◆ Data below

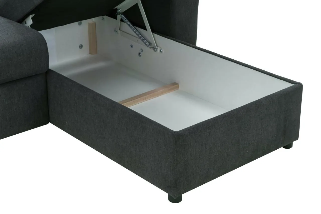 Siedzisko w narożniku wypełniono sprężynami falistymi z dodatkiem pianki osiągając właściwy komfort wypoczynku. Funkcja spania i pojemnik na pościel będą przydatne kiedy zechcemy przenocować naszych gości. Rozkładanie jest bardzo proste i nie wymaga żadnych skomplikowanych zabiegów. Narożnik przeszyto miękką w dotyku tkaniną typu mikrofibra o nazwie ENJOY. Zapewnia ona ograniczone wchłanianie płynów, ułatwia dbanie o czystość.
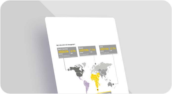 B ig in the north: CCI strongp oints* * N orth A merica E urop e A P A C U S $ 6 2 0 b 4 . 7 m U S $ 7 0 9 b 7 . 7 m U S $ 7 4 3 b 1 2 . 7 m revenue jobs revenue jobs revenue jobs 3 . 3 % of regional G D P 3 % of regional G D P 3 % of regional G D P 2 1 3 5 L atin A merica and the Caribbean 4 A frica and the M iddle E ast U S $ 1 2 4 b 1 . 9 m U S $ 5 8 b 2 . 4 m revenue jobs revenue jobs 2 . 2 % of regional G D P 1 .1 % of regional G D P S ou rce: Cultural times: the first global map of cultural and creative industries, E Y , 2 0 1 5 "" Jomnded fi_mrek | Cultural times L`e Õrst _dobad eah o^ cudturad an\ creatine in\ustries )/
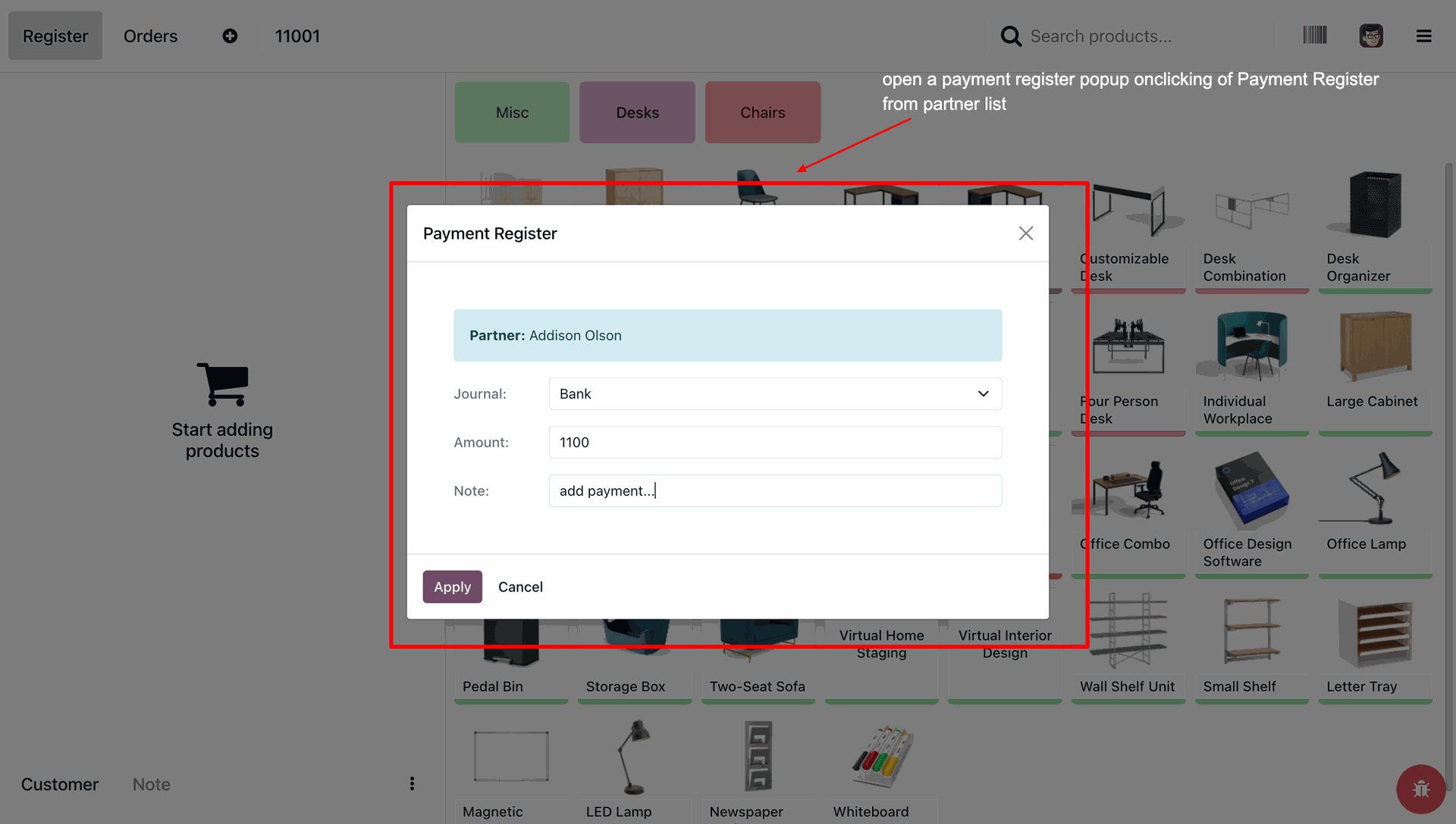 Fill in the Journal, Amount, and Note fields within the pop-up, then click Apply to successfully register the customer's payment.

◆ What is being asked
Wherever an image sits in the data, omit it; everything else must be copied exactly.

◆ Task answer
 Siedzisko w narożniku wypełniono sprężynami falistymi z dodatkiem pianki osiągając właściwy komfort wypoczynku. Funkcja spania i pojemnik na pościel będą przydatne kiedy zechcemy przenocować naszych gości. Rozkładanie jest bardzo proste i nie wymaga żadnych skomplikowanych zabiegów. Narożnik przeszyto miękką w dotyku tkaniną typu mikrofibra o nazwie ENJOY. Zapewnia ona ograniczone wchłanianie płynów, ułatwia dbanie o czystość.
 B ig in the north: CCI strongp oints* * N orth A merica E urop e A P A C U S $ 6 2 0 b 4 . 7 m U S $ 7 0 9 b 7 . 7 m U S $ 7 4 3 b 1 2 . 7 m revenue jobs revenue jobs revenue jobs 3 . 3 % of regional G D P 3 % of regional G D P 3 % of regional G D P 2 1 3 5 L atin A merica and the Caribbean 4 A frica and the M iddle E ast U S $ 1 2 4 b 1 . 9 m U S $ 5 8 b 2 . 4 m revenue jobs revenue jobs 2 . 2 % of regional G D P 1 .1 % of regional G D P S ou rce: Cultural times: the first global map of cultural and creative industries, E Y , 2 0 1 5 "" Jomnded fi_mrek | Cultural times L`e Õrst _dobad eah o^ cudturad an\ creatine in\ustries )/
 Fill in the Journal, Amount, and Note fields within the pop-up, then click Apply to successfully register the customer's payment.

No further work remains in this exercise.